(Supplied data begins)
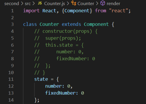 constructor 메서드를 선언하지 않고도 state 초깃값을 설정 가능
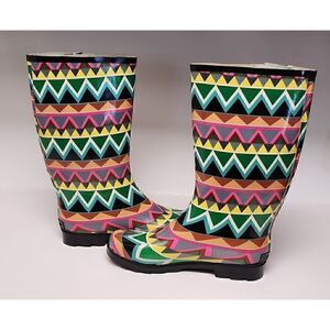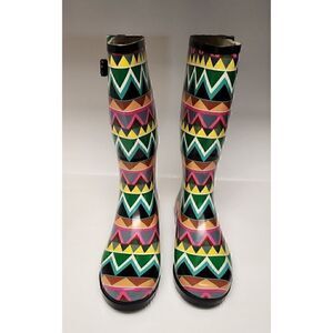 Corkys Shoes Women's Sunshine Multi Color Chevron Print Rain Boots Size 10.
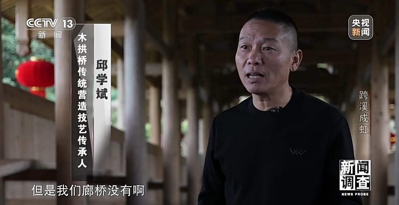 木拱桥传统营造技艺传承人 邱学斌:工程上国家正规里面有资质的施工方,还有监理等等一套完备的程序来保证这个桥的安全性,但是我们廊桥没有,只能靠经验的积累。
(Supplied data ends)
To do |
Give back only the lines from the one that carries "Corkys Shoes Women's" through the final line above, both included. Drop all pictures.

Answer to the exercise |
 Corkys Shoes Women's Sunshine Multi Color Chevron Print Rain Boots Size 10.
 木拱桥传统营造技艺传承人 邱学斌:工程上国家正规里面有资质的施工方,还有监理等等一套完备的程序来保证这个桥的安全性,但是我们廊桥没有,只能靠经验的积累。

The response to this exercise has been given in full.